In a paper published in the journal Physical Review Letters, the researchers observed what’s known as the Casimir effect, a force found between quantum objects inside a vacuum due to fluctuations of electromagnetic waves. When viewed through the paradigm of classical physics, the force can’t be seen. Researchers have to apply quantum field theory to spot it.
Manjavacas and his team studied the Casimir effect as a lateral force that applies itself to rotating quantum objects as a product of collision and came to an interesting conclusion. “The nanoparticle experiences a lateral force as if it were in contact with the surface, even though [it] is actually separated from it,” Manjavacas explained to UNM. “It’s a strange reaction but one that may prove to have significant impact for engineers.”

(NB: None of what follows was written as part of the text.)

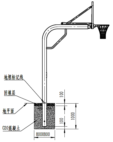 2.1埋入地下的体育立柱,地埋部分应具有横向支撑或支撑盘;地埋体育应标志出永久地埋标志线,地埋结构详见施工图。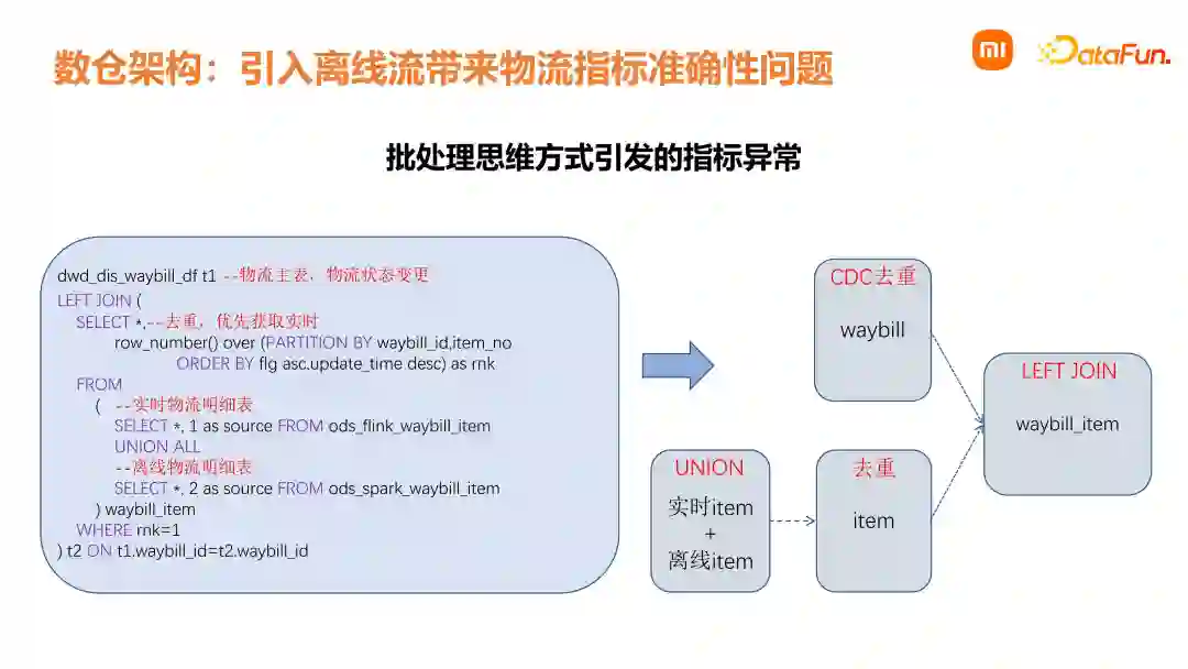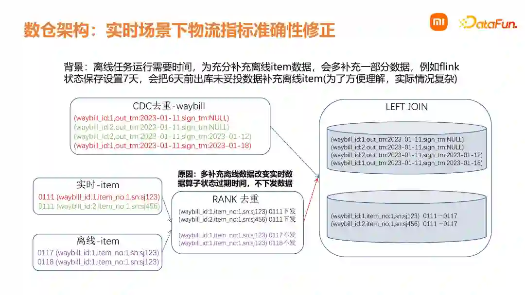 我们在处理销售实时数据中,会遇到各样的问题,这里介绍下实时数据流状态过期问题的解决方法。在实时数据中,销售订单主要分两部分。第一部分是订单事实表,第二部分是订单明细事实表。订单中所有的状态变更都体现在订单事实表,而订单明细数据在第一次创建之后,就不会再发生变化。大家都知道,实时计算消息队列的保存时间是有限制的,通常会设置一个时间周期。Flink 也有计算状态的保存时间,在一定时间周期后计算状态会过期,需要注意的是,由于订单明细不再变化,如果一些订单主表的两次状态变化时间大于状态过期时间,这时候销售相关指标是失准的。实践中是通过引入一个离线流,在订单和订单明细上各自去识别这部分过期数据,通过一个离线数据的消息队列,与原始的实时数据流进行合并,去重后下发到下游进行处理,大幅度提高同类场景下数据准确性。但是这样会引发另外一个问题,即批处理思维方式带来的物流指标异常。

According to Manjavacas, it’s essential that we understand how a force like the Casimir effect applies to nano-scale interactions as it can help in the development of improved nanotechnologies. “These studies are important because we are developing nanotechnologies where we’re getting into distances and sizes that are so small that these types of forces can dominate everything else,” he said. “We know these Casimir forces exist, so what we’re trying to do is figure out the overall impact they have [on] very small particles.”
Manjavacas believes that the knowledge gained from his team’s research, such as the discovery that the lateral Casimir force’s direction can be controlled by changing the distance of a particle to a surface, can help nanotech engineers design better nanoscale objects for computing, healthcare, and other applicable areas of research. Nanotech is already being used for everything from the creation of quick-charging electronic devices to tech than can help solve the drinking water crisis, so a better understanding of our world on a small-scale can clearly make a big impact.